Task goal:
Below is a block of records; reproduce all of them exactly and leave out any pictures.

Extracted data:
☆ ☆ ☆ ☆ ☆ ☆ ☆

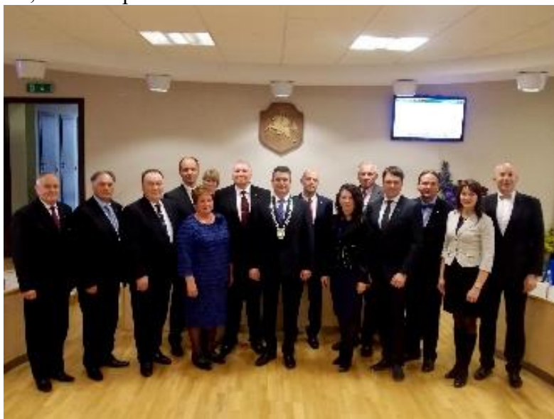
Pokyčiai: Darbą pradėjo 2015–2019 metų kadencijos Neringos savivaldybės taryba
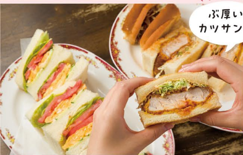
ポイント ぶ厚い カツサンド

早朝から常連さんが訪れる、昔ながらの喫茶店。名物はボリューム満点の「カツサンド」で、子どもからお年寄りまで大人気!平日限定の日替わり弁当もリーズナブルで大満足です。
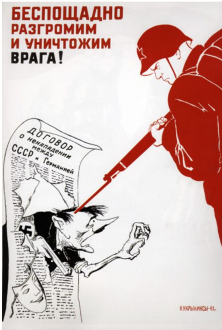
«Беспощадно разгромим и уничтожим врага!», первый военный плакат Кукрыниксов, 1941

На третий день войны на улицах городов появился плакат Кукрыниксов: «Беспощадно разгромим и уничтожим врага!». По сути это было первое подобное произведение, которое задало тон всей советской сатире и творчеству самих карикатуристов. Врага стали «бить» новым оружием, ясно сознавая его преступные намерения и бесчеловечность.

☆ ☆ ☆ ☆ ☆ ☆ ☆

Response below:
Pokyčiai: Darbą pradėjo 2015–2019 metų kadencijos Neringos savivaldybės taryba
ポイント ぶ厚い カツサンド

早朝から常連さんが訪れる、昔ながらの喫茶店。名物はボリューム満点の「カツサンド」で、子どもからお年寄りまで大人気!平日限定の日替わり弁当もリーズナブルで大満足です。
«Беспощадно разгромим и уничтожим врага!», первый военный плакат Кукрыниксов, 1941

На третий день войны на улицах городов появился плакат Кукрыниксов: «Беспощадно разгромим и уничтожим врага!». По сути это было первое подобное произведение, которое задало тон всей советской сатире и творчеству самих карикатуристов. Врага стали «бить» новым оружием, ясно сознавая его преступные намерения и бесчеловечность.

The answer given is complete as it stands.